La plupart des skippers répètent la prise de ris ou l'exercice d'homme à la mer bien plus souvent que l'unique appel radio qui déclenche réellement les secours. Un appel de détresse est une procédure, pas une improvisation, et le bouton ASN de votre VHF ne fait que la moitié du travail.

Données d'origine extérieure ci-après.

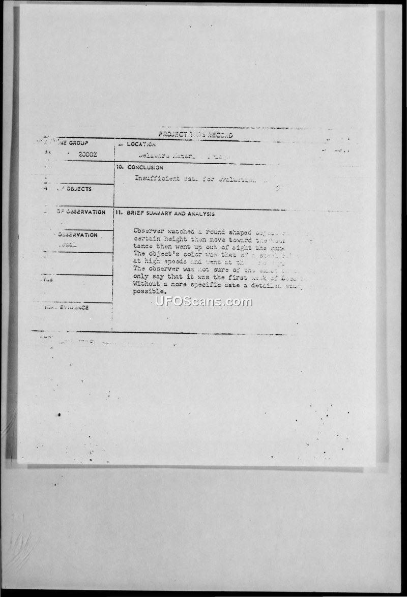 A witness reported a round, steel-colored object moving at high speed near the Delaware Memorial Bridge in January 1967. The Air Force concluded the report contained insufficient data for a formal evaluation.
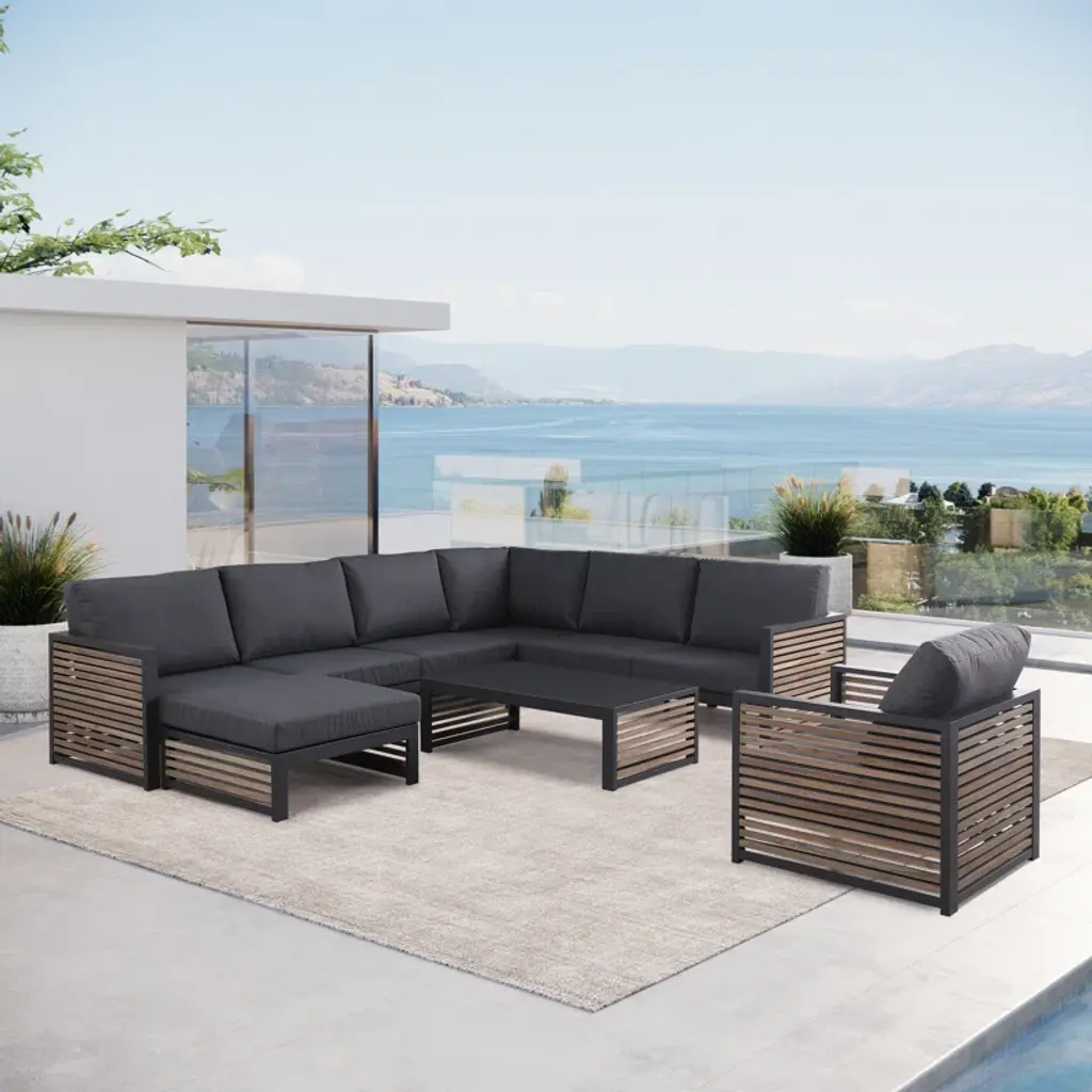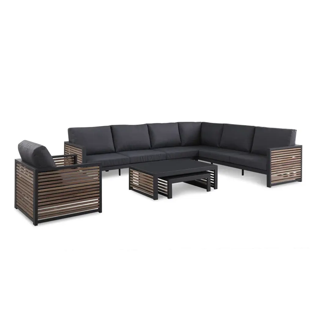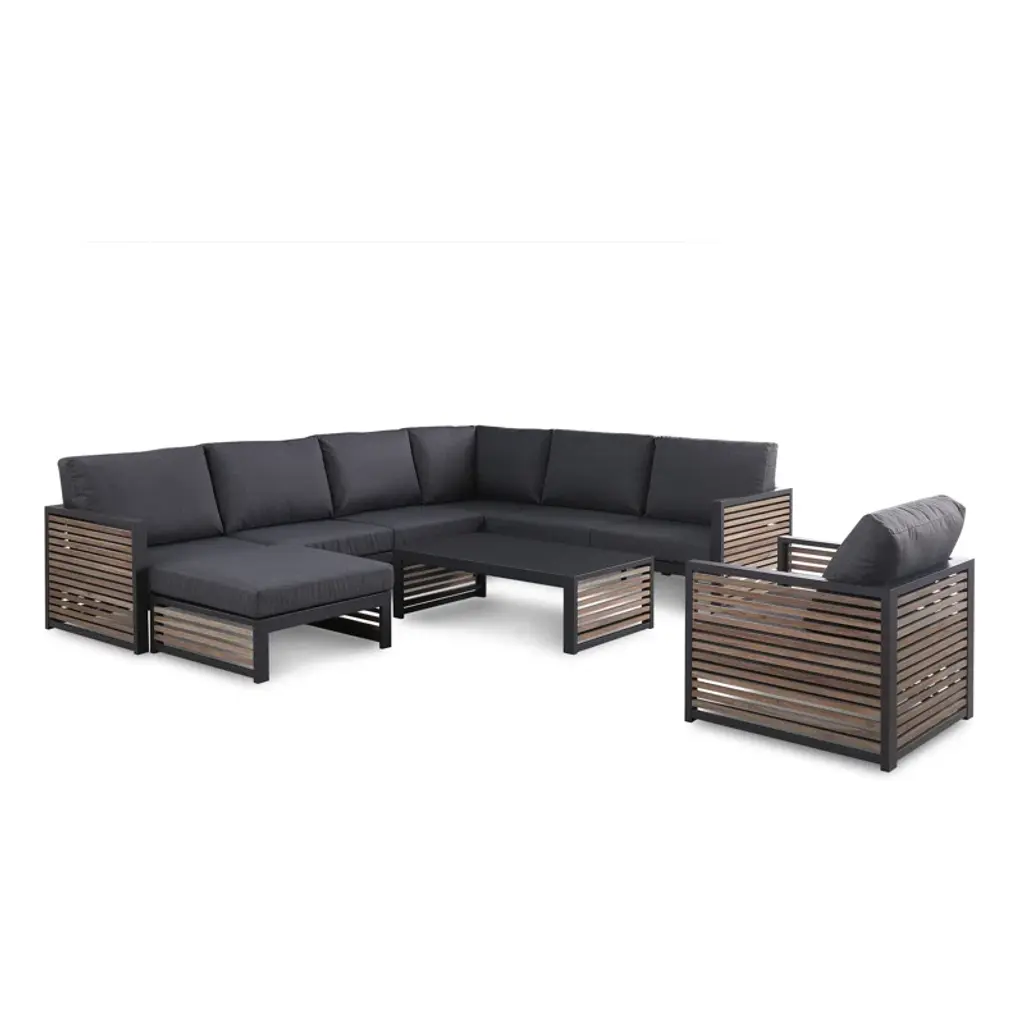 Enjoy in style with the Bellagio Cadora corner lounge set 5-piece Complement your garden or terrace with this high-quality lounge garden bench from the Bellagio brand. This spacious corner lounge set 5-piece can accommodate all your guests and provides a luxurious look in your outdoor space. The combination of colors and materials makes this corner lounge set a real eye-catcher. This garden bench has an open look thanks to the horizontal application of teak. It can be perfectly combined with the other garden furniture from the Cadora collection. Properties The Bellagio Cadora lounge garden bench is made of powder-coated aluminum in the color charcoal. Aluminum is relatively light, weather-resistant, strong, and requires little maintenance. The powder coating gives the paint layer better protection. The frame is finished with an inlay of teak wood that has been treated with an old teak grey wash. This gives the teak a grey finish. Due to the weather influences, the greywash will eventually disappear and the teak will get its gray color. The garden bench comes with comfortable lounge cushions. Maintenance Maintaining the frame of your Bellagio Cadora lounge garden bench arm is simple. The powder-coated aluminum provides additional protection for the paint layer. The powder coating also ensures that dirt and dust cannot adhere properly to the garden bench. When the garden bench needs to be cleaned, you can do this with lukewarm water, green soap, and a microfiber cloth. When cleaning, avoid using a pressure washer or harsh detergents. These can cause the aluminum to be damaged. We recommend storing the garden bench indoors in winter. If this is not possible, you can leave the garden bench outside uncovered. To extend the life of your garden bench, it is important to maintain the teak wood properly. Maintaining teak wood is easy. Our advice is to clean the garden bench inlay well twice a year. Avoid using a high-pressure cleaner or aggressive cleaning agents, as these can damage the teak. Before cleaning the inlay with teak, first, wet it well so that the pores of the teak wood are open. Next, use a coarse brush and a bucket of lukewarm water mixed with a cup of table salt or soda. Scrub lengthwise from the wood grain and then rinse the inlay well with water. The lounge cushions can withstand a splash of rainwater. In case of a heavy shower, we recommend placing the cushions inside. When the cushions are not in use, we advise you to place the cushions inside. The cushion covers are detachable. The cushion covers have a care label. For best results, we recommend that you follow the care label.

Le reste, c'est un message vocal qui doit être assez clair pour qu'un officier de veille CROSS engage les moyens dans la bonne direction, sur la bonne fréquence, sans vous demander de répéter pendant que votre bateau se remplit d'eau.

Quand le Mayday s'impose

Le Mayday est réservé à un danger grave et imminent pour un navire ou une personne, exigeant une assistance immédiate. Feu à bord, voie d'eau que vous ne pouvez pas maîtriser, équipier en arrêt cardiaque, démâtage avec blessés, échouement sérieux sur marée descendante avec mauvais temps qui monte. Si vous vous demandez si la situation le justifie, très souvent la réponse est oui.

En dessous de ce seuil, vous disposez de deux autres niveaux :

  • Pan-Pan : urgence. Une situation sérieuse concernant la sécurité d'un navire ou d'une personne, mais sans danger immédiat pour la vie. Perte de propulsion dans un rail, problème médical qui nécessite un avis, panne de barre par beau temps.
  • Sécurité : sécurité. Avertissements de navigation ou de météo. Rarement quelque chose que vous émettez en tant que plaisancier, mais vous l'entendrez en permanence des CROSS.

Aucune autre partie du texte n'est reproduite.